We have a Dynamically generated Library that houses all our pdf files. Only the Library list is dynamic, all the pdf's are static. Do pdf's work on a refresh setting? The details say the site must support If-Modified-Since. How can I test if the site supports this and if pdf's return that information. 99% of the pdfs are the same each week and I would rather have the crawl just get the new or updated ones.
Thanks
John
If you look under List/Edit URLs for the details of a PDF that was added during the last walk, if the Modified time is the same as the Visited time it would suggest the web server is not using the Modified header and If-Modified-Since. You can also usually see in your browser looking at the page properties.
If that is the entire contents of the library you can set the default refresh period to 1 year, and make the library list a watch url. The list will then be refreshed every refresh, but the PDF files won't be checked for a year.
OK it appears that the server is correctly giving the modified date.
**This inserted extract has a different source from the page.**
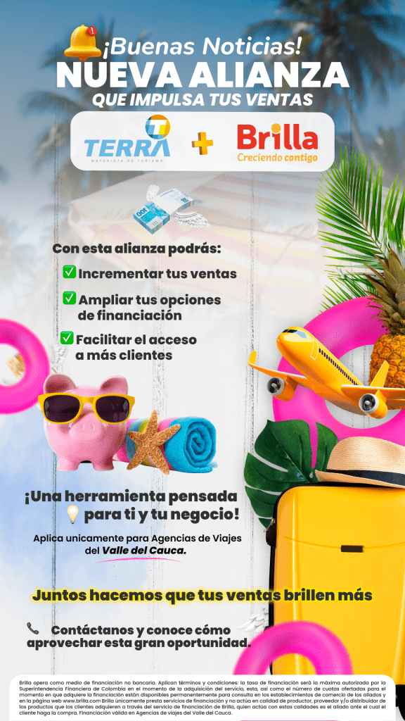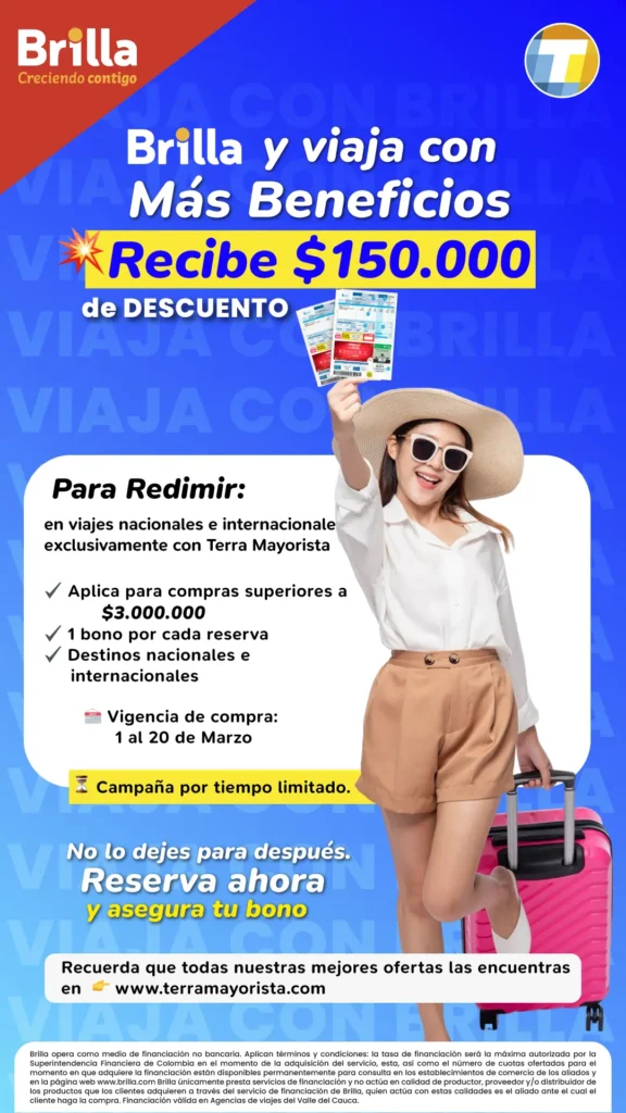 Brilla opera como medio de financiación no bancaria. Aplican términos y condiciones: la tasa de financiación será la máxima autorizada por la Superintendencia Financiera de Colombia en el momento de la adquisición del servicio, esta, así como el número de cuotas ofertadas para el momento en que adquiere la financiación están disponibles permanentemente para consulta en los establecimientos de comercio de los aliados y en la página web www.brilla.com Brilla únicamente presta servicios de financiación y no actúa en calidad de productor, proveedor y/o distribuidor de los productos que los clientes adquieren a través del servicio de financiación de Brilla, quien actúa con estas calidades es el aliado ante el cual el cliente haga la compra. Financiación válida en Agencias de viajes del Valle del Cauca.

Indexed: 2007-10-19 23:24:46
Modified: 2004-08-29 22:23:01
Last Visit: 2007-10-19 23:24:46
Next Visit: 2008-01-17 22:24:46
I want each pdf file to be checked each week to see if the date is changed and if it is get the new one.
I don't want it to wait a year until it gets the new one.
OK, then you can set the max refresh time to a week, and it should then do the relatively quick If-Modified-Since check. It appears you probably have 90 days currently as the max refresh time.